A dangerous security environment exists in areas bordering Colombia. Piracy (involving commercial and private leisure vessels) occurs in coastal waters.
Basic safety standards for recreational water activities (including scuba diving, snorkeling, jet-skiing, rafting, kayaking, and tubing) may not be in place. Rent water sports equipment from reputable operators. Scuba dive only with personnel certified by PADI or NAUI and use equipment only from PADI- or NAUI-certified dive operators.
Basic safety standards for adventure activities (including eco-tourism activities) may not be in place. Travelers should only use reputable adventure-sport operators for activities and equipment rentals.
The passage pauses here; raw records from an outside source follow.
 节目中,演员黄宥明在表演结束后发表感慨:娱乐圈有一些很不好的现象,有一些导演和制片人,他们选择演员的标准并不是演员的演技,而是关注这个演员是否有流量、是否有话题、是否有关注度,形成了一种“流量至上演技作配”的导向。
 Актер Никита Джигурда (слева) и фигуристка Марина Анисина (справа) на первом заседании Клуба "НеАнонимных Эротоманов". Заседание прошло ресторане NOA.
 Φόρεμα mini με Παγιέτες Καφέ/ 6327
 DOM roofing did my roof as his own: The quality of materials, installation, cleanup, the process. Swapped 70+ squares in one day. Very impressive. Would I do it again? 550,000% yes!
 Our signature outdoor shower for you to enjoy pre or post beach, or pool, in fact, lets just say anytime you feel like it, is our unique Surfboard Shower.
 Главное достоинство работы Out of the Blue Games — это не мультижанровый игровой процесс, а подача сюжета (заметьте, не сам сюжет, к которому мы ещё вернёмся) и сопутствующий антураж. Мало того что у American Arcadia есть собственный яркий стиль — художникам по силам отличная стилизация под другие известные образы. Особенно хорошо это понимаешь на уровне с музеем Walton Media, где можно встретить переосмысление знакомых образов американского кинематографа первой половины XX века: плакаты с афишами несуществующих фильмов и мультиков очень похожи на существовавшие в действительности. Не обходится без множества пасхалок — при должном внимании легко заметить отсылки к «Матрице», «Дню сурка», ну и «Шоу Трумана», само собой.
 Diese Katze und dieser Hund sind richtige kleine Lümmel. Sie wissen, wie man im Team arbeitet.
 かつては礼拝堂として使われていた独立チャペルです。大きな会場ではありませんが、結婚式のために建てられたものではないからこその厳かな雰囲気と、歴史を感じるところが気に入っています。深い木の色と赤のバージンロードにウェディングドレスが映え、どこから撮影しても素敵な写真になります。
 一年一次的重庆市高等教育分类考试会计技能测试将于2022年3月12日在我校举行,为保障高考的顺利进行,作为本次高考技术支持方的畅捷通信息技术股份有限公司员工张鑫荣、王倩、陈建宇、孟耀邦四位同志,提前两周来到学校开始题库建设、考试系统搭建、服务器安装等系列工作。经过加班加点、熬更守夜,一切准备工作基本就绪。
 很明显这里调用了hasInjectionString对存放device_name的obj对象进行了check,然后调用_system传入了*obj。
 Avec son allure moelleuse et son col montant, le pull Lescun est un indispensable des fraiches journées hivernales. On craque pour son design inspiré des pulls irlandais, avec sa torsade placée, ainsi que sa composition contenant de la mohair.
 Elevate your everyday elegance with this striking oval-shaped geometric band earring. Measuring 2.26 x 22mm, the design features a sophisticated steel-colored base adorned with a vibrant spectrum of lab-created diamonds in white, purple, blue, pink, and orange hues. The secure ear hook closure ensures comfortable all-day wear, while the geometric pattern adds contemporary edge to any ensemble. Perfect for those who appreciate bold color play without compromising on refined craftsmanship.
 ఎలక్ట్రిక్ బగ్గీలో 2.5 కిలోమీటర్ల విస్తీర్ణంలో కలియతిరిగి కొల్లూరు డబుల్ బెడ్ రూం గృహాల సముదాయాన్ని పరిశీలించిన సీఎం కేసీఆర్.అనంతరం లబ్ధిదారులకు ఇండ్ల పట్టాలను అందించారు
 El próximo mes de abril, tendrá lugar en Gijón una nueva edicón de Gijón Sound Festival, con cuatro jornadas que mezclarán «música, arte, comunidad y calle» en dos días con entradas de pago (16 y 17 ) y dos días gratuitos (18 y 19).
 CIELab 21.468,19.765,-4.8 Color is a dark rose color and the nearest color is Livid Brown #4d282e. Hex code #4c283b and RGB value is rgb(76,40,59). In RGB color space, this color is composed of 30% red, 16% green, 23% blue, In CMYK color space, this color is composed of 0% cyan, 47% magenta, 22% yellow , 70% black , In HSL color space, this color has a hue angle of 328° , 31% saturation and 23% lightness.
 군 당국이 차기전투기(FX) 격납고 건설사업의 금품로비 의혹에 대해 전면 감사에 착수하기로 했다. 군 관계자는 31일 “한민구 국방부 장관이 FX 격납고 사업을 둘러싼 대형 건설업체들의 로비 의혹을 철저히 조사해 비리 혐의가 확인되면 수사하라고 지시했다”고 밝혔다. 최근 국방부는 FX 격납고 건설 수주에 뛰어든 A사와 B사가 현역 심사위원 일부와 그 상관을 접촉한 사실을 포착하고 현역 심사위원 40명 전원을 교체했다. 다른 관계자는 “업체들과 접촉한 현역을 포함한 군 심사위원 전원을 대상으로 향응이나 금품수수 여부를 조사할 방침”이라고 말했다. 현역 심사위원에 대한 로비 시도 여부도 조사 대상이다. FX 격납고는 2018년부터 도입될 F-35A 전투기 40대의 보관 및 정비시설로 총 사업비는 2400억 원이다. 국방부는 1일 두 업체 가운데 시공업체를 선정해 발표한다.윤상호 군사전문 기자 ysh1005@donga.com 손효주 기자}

Significant risk of traffic-related injury or death exists. The road traffic death rate is more than 24 per 100,000 population, the highest risk category. Carefully assess the safety of transportation options before any road travel.
There are no speed laws.
Drunk driving laws are poorly enforced.
Structural standards for vehicles may not meet international standards.
The US Federal Aviation Administration has determined that the civil aviation authority of this country does not oversee its air carriers in accordance with minimum international safety standards.
The rainy season is from June through December, coinciding with the hurricane season. Floods, mudslides, and landslides may occur, especially in coastal areas.
Seismic activity occurs, especially along the coast.
Selected Embassies or Consulates in Venezuela
- United States: The Embassy has suspended operations; see ve.usembassy.gov
- Canada: The Embassy has suspended operations; see www.venezuela.gc.ca
- United Kingdom: www.gov.uk/world/organisations/british-embassy-venezuela
- Australia: Australia does not have an embassy or consulate in Venezuela.
Venezuela's Embassies or Consulates in Selected Countries
- In the U.S.: eeuu.embajada.gob.ve
- In Canada: www.misionvenezuela.org/V2
- In the U.K.: reinounido.embajada.gob.ve
- In Australia: australia.embajada.gob.ve
HIV testing is not required to obtain a tourist, work, or residence visa.